Personal information
- Born: September 23, 1917 Dublin, Ireland
- Died: July 22, 1989 (aged 71)
- Occupation: Trainer

Horse racing career
- Sport: Horse racing

Major racing wins
- Santa Maria Handicap (1957) Junior Miss Stakes (1958, 1960, 1966, 1973, 1974, 1984) Del Mar Debutante Stakes (1959, 1966, 1968, 1972, 1973, 1976, 1980) Palomar Handicap (1959, 1977) Bing Crosby Handicap (1971) Del Mar Futurity (1971) Escondido Handicap (1971) Las Palmas Handicap (1971) Norfolk Stakes (1971, 1976) Speakeasy Stakes (1971, 1976) Del Mar Oaks (1972, 1973, 1976) Gamely Handicap (1972) Hollywood Invitational Turf Handicap (1972, 1975) Landaluce Stakes (1972, 1984) Milady Handicap (1972) Man o' War Stakes (1972) Santa Monica Handicap (1972) Sunset Handicap (1972, 1975) Las Flores Handicap (1973) Sorrento Stakes (1972, 1973, 1976) Santa Anita Derby (1975, 1977, 1984) El Encino Stakes (1976) San Luis Rey Handicap (1976) Santa Margarita Invitational Handicap (1976) Autumn Days Handicap (1977) Ramona Handicap (1977) San Juan Capistrano Handicap (1977) San Gabriel Handicap (1978) San Luis Obispo Handicap (1978) Strub Stakes (1978) San Pasqual Handicap (1979) Acorn Stakes (1983) Santa Ysabel Stakes (1983) American Classic Race wins: Belmont Stakes (1975)

Significant horses
- Avatar, Habitony, Typecast, Ski Goggle, Windy's Daughter

= A. Thomas Doyle =

Irish-born American racehorse trainer (1917–1989)

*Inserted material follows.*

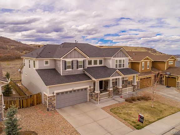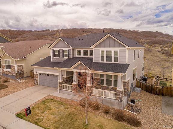Incredible lot location in The Meadows, in a cul de sac, backing to the Ridgeline Open Space trail and with stunning mountain views! You will not find a better lot than this -- it is a must see! Beautiful covered back patio faces the open space and trail. Professionally landscaped and fenced back yard. Main floor features a gourmet kitchen with stainless refrigerator, 5 burner gas cooktop, hood, double oven, 42" cabinets, underlites, upgraded backsplash, granite counters, huge island, pendant lights, eat in area, butler pantry and walk in pantry. That opens into spacious family room with vaulted ceiling, floor to ceiling rock accented wall, fireplace and mantel. Also on main floor are dining room, office, main floor guest bedroom, 3/4 bathroom, mud room and entry/foyer. Master Suite has incredible mountain views, coffered ceiling, ceiling fan, 5 piece bathroom and huge walk in closet with windows for added natural light! Two more bedrooms upstairs surround a full jack n jill bathroom. Upper floor laundry room opens in the Master Closet and includes washer and dryer! Spacious loft w/ceiling fan completes the upper level -- it can be easily converted into a 5th bedroom. 3 car garage. Wood floors, surround sound in several rooms and back patio, wrought iron spindles on the staircase, 2 zone furnace, Nest thermostat, Central AC. Full basement has cute finished dog "house". Adjacant to Open Space trail with access from the cul de sac, and a short walk to Bison Park and Clear Sky Elementary. Bison Park has play ground, picnic areas, turf fields, tennis courts! Low HOA fees includes use of TWO community pools.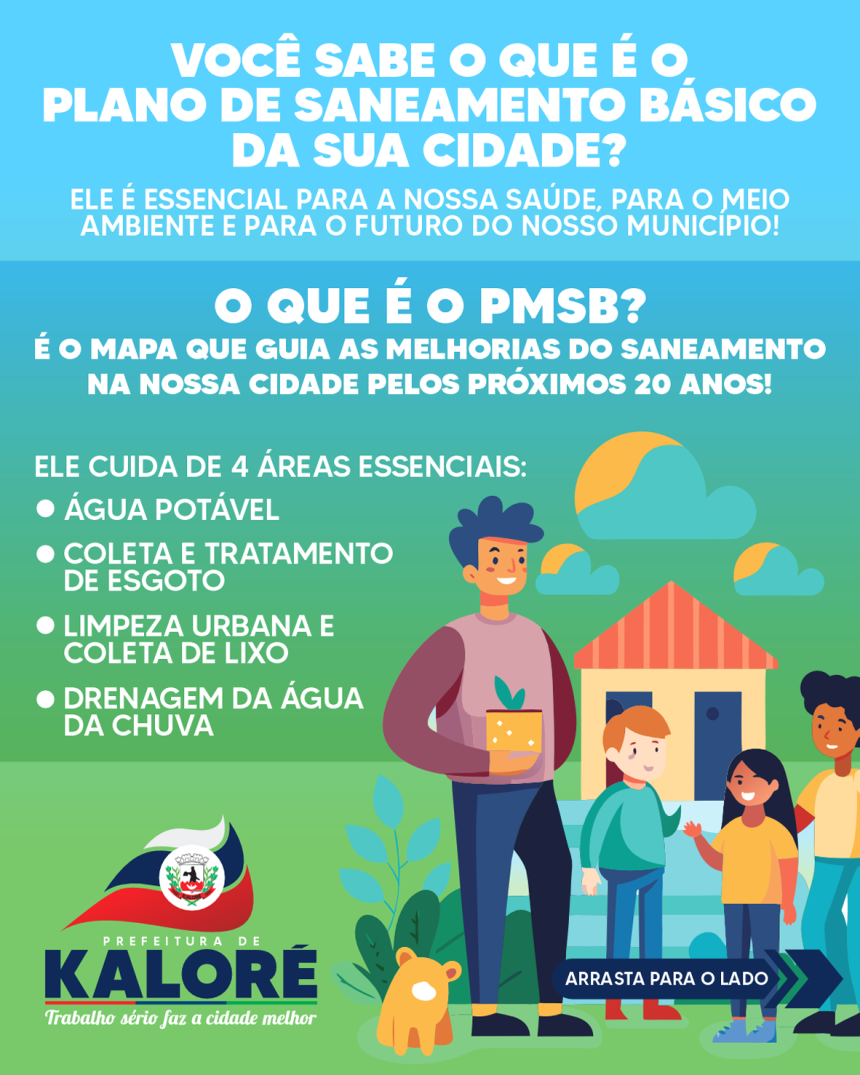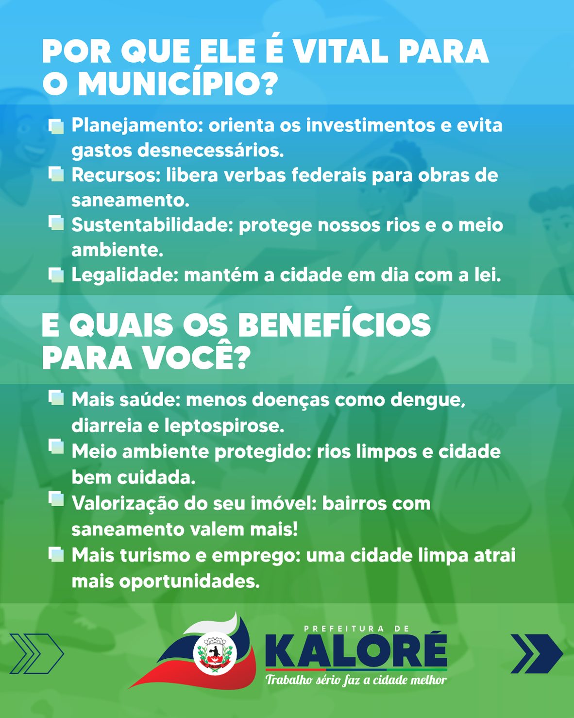 O Plano Municipal de Saneamento Básico (PMSB) é uma ferramenta essencial para orientar as ações e investimentos no setor de saneamento pelos próximos 20 anos em Kaloré. O documento estabelece diretrizes para quatro áreas fundamentais ao bem-estar da população:

Andrew Thomas Doyle (September 23, 1917 - July 22, 1989) was an American Thoroughbred racehorse trainer known for his success with young horses. He was reported as both "Tommy Doyle" and "A. T. Doyle."

A native of Dublin, Ireland, Tommy Doyle came from a family with a long history in the sport of horse racing. He emigrated to the United States in 1951 and made his way to California where he eventually owned a ranch in Bradbury on which he raised and trained horses.

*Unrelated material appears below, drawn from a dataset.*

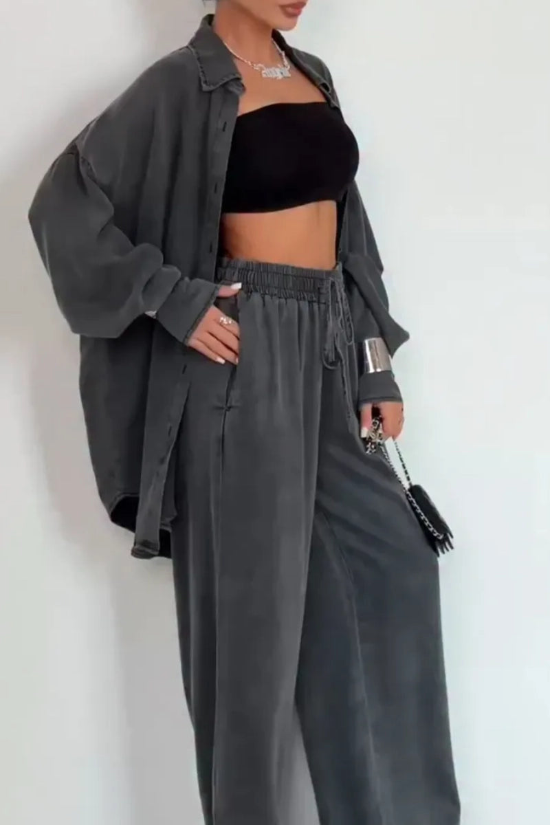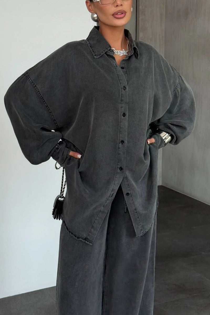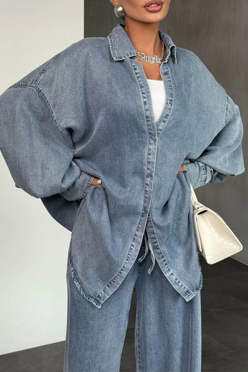 Women's Solid Color Loose Lapel Buttoned Cardigan Pants Denim Suits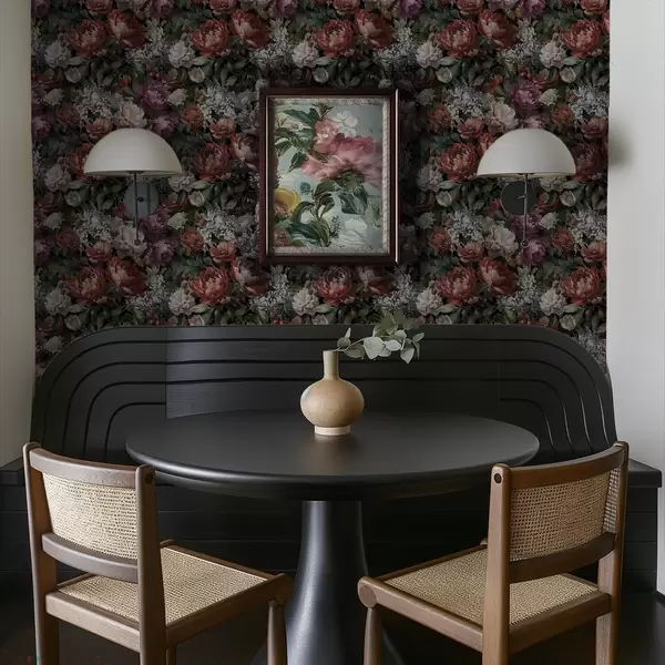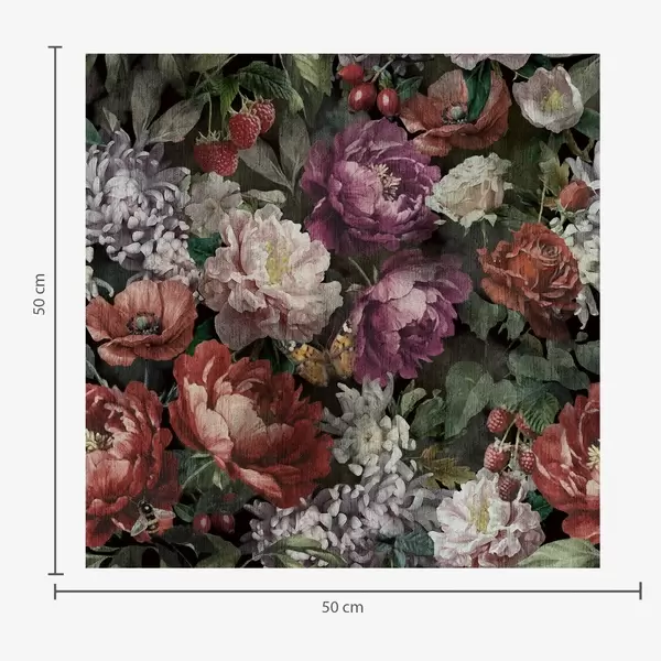 Tapete Dunkle, dramatische Pfingstrosen, Beeren und Schmetterling auf schwarzem Hintergrund Nr. a00862

Widely respected for his ability to work with young horses, two-year-olds fillies trained by Tommy Doyle won the Junior Miss and Del Mar Debutante Stakes a combined thirteen times. Among his best-known horses, Doyle trained Typecast to the 1972 American Champion Older Female Horse title and in 1975 conditioned Avatar to wins in the Santa Anita Derby and the third leg of the U.S. Triple Crown, the Belmont Stakes.

Tommy Doyle died from Alzheimer's disease at age 71 in 1989.